To drink, or to draw? To lay down, or to fight? When is enough actually enough? When is giving up acceptable, and when is it frowned upon? To fall, or to climb? To fail, or to succeed? To churn your guts for months undecided, or stick to your guns?
To point the finger or to pull the trigger?
Two years is a long time when you're skimming the serated edges of the curb..the gutter. Grinding your teeth on raw cement.
Grinding your teeth with the bums, the drunks, the junkies. Deciding wheather to excel, or give up.
Deciding wheather taking everything, and I mean everything, out of your pockets, and throwing it to the wind hoping perhaps that like a boomerang it will return bringing a voice more fortunate than the one which gave it such a low-key send-off.

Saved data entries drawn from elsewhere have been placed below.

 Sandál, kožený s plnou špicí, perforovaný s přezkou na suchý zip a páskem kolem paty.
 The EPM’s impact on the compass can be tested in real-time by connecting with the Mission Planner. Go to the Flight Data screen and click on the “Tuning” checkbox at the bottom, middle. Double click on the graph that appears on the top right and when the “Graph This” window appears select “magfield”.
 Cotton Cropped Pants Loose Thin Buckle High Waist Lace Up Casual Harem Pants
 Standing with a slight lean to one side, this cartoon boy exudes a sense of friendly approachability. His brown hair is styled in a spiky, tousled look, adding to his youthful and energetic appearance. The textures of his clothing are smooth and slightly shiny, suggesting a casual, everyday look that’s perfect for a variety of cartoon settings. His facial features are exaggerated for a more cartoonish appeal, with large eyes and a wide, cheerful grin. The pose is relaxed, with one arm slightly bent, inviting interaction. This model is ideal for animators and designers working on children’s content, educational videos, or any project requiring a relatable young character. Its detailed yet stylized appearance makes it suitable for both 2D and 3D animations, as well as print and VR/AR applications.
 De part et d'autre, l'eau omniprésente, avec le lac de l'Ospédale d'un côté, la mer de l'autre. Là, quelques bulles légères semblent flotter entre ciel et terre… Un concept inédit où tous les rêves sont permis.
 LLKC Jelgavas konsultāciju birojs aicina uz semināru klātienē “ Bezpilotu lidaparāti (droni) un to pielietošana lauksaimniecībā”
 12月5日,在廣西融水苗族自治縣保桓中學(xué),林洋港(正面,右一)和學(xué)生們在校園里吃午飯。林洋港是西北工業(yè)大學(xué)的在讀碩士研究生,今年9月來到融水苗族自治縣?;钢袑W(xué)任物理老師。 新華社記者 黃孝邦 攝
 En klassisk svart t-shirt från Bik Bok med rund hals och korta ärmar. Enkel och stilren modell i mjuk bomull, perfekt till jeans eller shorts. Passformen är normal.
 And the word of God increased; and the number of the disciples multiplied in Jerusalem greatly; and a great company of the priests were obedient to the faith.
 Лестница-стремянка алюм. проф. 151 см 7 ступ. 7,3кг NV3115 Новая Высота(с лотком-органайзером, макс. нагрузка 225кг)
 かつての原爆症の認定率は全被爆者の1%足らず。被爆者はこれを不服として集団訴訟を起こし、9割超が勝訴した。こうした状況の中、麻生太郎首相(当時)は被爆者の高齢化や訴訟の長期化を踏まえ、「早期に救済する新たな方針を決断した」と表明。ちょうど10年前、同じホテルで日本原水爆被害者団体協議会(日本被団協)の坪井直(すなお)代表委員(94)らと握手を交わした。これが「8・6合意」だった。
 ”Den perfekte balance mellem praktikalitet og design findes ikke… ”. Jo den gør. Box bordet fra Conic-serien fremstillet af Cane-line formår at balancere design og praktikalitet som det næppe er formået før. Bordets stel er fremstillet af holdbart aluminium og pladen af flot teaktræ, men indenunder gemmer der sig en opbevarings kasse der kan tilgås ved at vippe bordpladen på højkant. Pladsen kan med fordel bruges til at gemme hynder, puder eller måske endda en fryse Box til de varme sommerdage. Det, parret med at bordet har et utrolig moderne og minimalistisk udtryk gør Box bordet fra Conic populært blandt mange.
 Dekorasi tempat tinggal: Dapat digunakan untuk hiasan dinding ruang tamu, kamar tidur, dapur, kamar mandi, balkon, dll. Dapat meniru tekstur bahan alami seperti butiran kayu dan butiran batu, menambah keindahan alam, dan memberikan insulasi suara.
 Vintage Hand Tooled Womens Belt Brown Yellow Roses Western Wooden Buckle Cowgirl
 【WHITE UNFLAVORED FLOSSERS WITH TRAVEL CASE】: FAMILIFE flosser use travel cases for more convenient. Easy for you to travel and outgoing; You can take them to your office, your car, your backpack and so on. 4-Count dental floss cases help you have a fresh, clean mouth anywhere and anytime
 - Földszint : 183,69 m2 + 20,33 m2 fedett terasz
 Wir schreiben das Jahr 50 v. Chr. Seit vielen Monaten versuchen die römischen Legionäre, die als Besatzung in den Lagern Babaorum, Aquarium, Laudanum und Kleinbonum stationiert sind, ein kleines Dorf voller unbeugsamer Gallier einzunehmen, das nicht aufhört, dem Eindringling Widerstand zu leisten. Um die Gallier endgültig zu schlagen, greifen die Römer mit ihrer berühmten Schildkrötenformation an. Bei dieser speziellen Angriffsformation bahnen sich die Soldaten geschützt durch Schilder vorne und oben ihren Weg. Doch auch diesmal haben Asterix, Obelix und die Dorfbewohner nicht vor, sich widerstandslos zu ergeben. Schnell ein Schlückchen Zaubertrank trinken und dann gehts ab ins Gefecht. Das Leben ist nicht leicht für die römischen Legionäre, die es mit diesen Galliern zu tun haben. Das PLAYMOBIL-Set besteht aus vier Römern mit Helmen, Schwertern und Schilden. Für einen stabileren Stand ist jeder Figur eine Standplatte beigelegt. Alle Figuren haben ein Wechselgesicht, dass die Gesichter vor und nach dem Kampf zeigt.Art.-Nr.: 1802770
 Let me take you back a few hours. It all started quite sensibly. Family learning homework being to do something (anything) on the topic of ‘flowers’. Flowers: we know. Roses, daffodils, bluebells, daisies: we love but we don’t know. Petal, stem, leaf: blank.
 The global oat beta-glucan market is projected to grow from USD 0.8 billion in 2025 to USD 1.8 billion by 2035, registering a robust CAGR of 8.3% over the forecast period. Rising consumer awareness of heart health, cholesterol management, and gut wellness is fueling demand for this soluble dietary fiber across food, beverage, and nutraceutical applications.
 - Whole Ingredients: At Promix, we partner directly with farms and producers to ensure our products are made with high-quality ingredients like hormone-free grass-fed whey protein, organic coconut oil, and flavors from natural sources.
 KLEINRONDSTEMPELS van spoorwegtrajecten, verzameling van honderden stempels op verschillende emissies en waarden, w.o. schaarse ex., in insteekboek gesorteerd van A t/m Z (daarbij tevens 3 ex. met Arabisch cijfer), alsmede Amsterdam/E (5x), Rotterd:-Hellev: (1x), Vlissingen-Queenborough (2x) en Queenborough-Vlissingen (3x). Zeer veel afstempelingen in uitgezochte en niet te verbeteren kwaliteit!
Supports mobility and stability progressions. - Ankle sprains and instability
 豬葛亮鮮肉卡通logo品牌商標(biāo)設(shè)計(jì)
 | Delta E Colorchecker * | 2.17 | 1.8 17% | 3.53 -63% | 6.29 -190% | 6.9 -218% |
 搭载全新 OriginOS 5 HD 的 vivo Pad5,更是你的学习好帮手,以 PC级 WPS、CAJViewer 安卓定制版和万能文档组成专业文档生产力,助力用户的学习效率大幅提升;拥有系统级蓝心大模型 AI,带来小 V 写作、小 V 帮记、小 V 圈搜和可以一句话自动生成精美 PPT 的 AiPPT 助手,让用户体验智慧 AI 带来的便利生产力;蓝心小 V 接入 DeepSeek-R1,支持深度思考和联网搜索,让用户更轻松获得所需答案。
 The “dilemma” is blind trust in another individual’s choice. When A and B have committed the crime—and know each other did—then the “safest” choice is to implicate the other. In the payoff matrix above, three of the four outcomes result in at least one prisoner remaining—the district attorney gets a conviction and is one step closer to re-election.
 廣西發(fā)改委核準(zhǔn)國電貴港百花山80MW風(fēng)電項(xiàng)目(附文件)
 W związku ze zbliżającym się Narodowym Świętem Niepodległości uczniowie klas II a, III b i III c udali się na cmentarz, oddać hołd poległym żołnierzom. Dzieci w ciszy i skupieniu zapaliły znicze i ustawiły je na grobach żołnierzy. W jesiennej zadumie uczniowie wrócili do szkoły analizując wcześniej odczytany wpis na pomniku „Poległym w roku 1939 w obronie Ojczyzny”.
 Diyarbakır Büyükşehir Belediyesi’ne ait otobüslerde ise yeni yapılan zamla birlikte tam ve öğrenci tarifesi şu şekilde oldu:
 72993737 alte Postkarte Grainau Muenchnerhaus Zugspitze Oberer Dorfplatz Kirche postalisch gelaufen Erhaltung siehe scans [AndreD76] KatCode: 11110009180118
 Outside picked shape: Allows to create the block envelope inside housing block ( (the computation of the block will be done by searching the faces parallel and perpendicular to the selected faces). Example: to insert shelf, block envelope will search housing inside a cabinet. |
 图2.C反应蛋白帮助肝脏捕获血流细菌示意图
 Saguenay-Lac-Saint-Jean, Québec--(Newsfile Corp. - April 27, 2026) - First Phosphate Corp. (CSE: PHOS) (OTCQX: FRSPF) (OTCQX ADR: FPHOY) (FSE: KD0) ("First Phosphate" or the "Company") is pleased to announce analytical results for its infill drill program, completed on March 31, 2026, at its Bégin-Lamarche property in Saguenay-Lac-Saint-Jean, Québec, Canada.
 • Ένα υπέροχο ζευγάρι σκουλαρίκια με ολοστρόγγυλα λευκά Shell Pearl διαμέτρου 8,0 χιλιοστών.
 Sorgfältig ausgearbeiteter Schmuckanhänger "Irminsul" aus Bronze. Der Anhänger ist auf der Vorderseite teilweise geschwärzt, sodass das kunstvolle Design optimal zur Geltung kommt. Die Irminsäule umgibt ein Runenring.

Where do you draw the line? If you ponder for one minute the magnitude of failure, and the burden that comes with it; does that make it ok? Do you fall into failure like a hammock set up for the weak? Do you take those steps? Backwards in origin and lack of faith?
Draw your sword. Draw your fate with a permanent marker instead of the chalk you were given. Take two steps forget what brought you there.
This is hard work, dedication, faith, tears, depression, and glee.
This is grace; this is what we've become. A mechanism geared for forward movement with shrapnel in the works. It grinds and screams to be halted but still, we move forward. To quit or continue?
We strive to continue.
We strive for nothing short of total fulfulment. Hopefully each breath taken from here on in is a breath leading to relief.
good: big chilli, hot showers, poison the well.